If your business was able to win 90 per cent of its lawsuits, you’d be hard-pressed to argue that the justice system was stacked against you. But that is exactly what the insurance industry wants you to think when it comes to medical malpractice lawsuits.
Outside of Philadelphia and Pittsburgh, doctors win more than ninety percent of the medical malpractice lawsuits which go to trial.
Digest that statistic alongside this one: studies have shown that more than 98% of the episodes of medical negligence do not result in litigation. A study by Harvard University showed that less than two percent of the victims of medical malpractice actually file a lawsuit.
How bad is it? In Montgomery County, doctors have historically won upwards of 95% of the malpractice trials.

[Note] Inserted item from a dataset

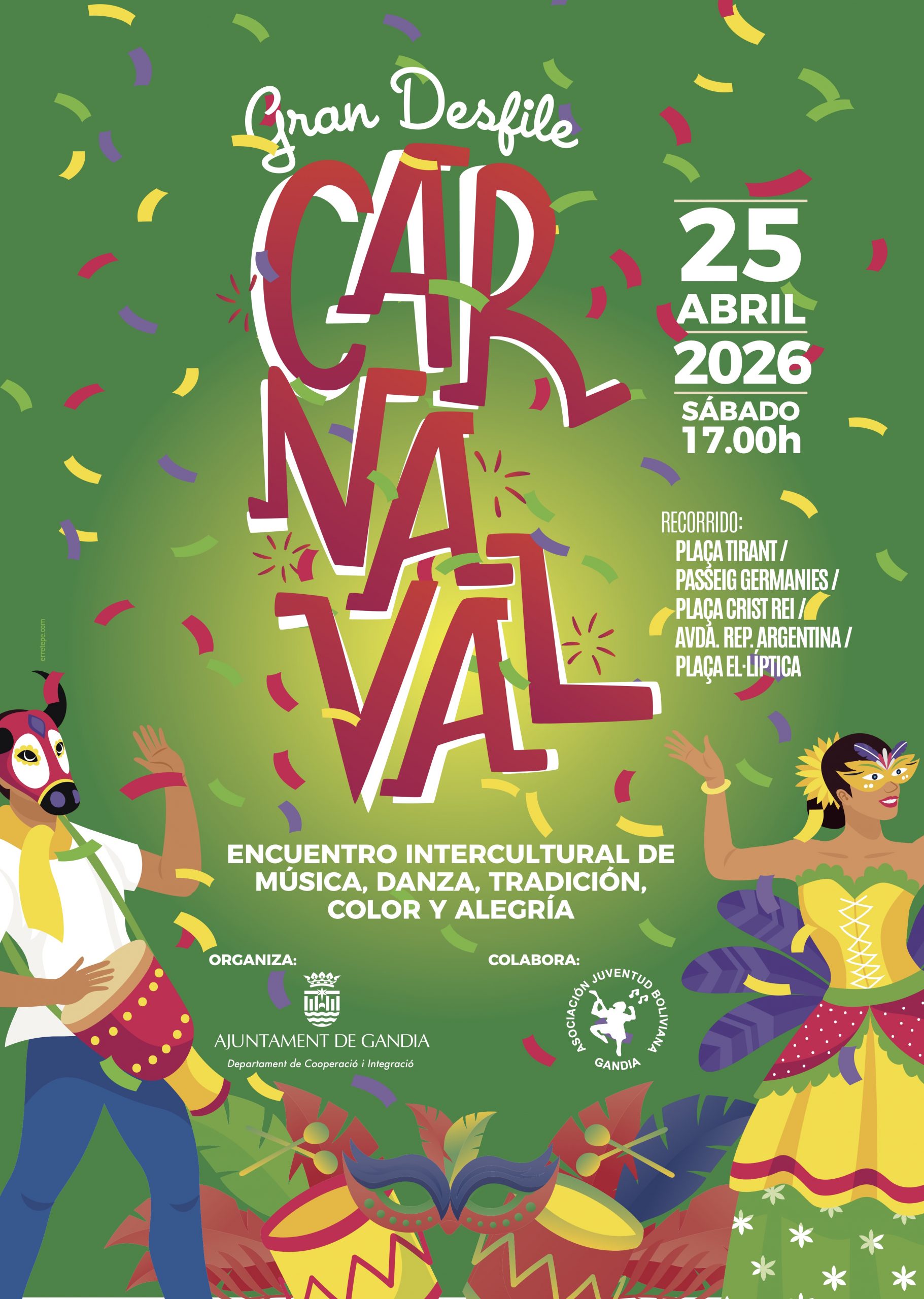 El pròxim dissabte 25 d’abril, els carrers de Gandia s’ompliran de música, dansa i color amb la celebració del II Festival de Carnestoltes Intercultural, organitzat per l’Associació Joventut Boliviana en col·laboració amb l’Ajuntament de Gandia.

Does anybody truly believe that 95% of those cases were really without merit?
Remember — in Pennsylvania, a case cannot ordinarily get to trial unless the patient produces testimony by a board-certified specialist attesting to the existence of medical malpractice. Does anybody truly believe that 95% of those cases were unwarranted?
The public has been misled into believing that there is a medical malpractice crisis.
The insurance industry has done a great job of promoting the idea of a crisis in order to make jurors reluctant to render awards in favor of the victims of malpractice. How bad is it? A jury in Norristown recently exonerated a doctor who had left a sponge inside his patient during surgery. At this rate, the insurance industry is likely to become so emboldened that it will no longer pay for actual lawyers to defend its doctors; it will be enough if they simply seat two mannequins at the defense counsel’s table.
Truth be told, there is a malpractice crisis. But it’s a crisis for the victims, not for the doctors.
Yes, there are frivolous lawsuits (and those lawsuits should be weeded out). But frivolous malpractice suits are a rarity; medical malpractice cases are so expensive to prosecute that no clear thinking lawyer will invest the necessary time and money in a frivolous endeavor.
Show me a frivolous case, and I will show you ten instances in which juries have given a pass to clearly negligent physicians. That is where the crisis lies. When juries let negligent physicians walk away unsanctioned, they lower the “standard of care” throughout their community. If a jury declares that a doctor can leave a sponge inside a patient and still comply with the “standard of care,” they are announcing that the standard of care is, indeed, quite low. It’s the proverbial race to the bottom. The problem is that one day one of those jurors may end up on the wrong side of that standard of care.
Be careful of what you wish for. You might just get it.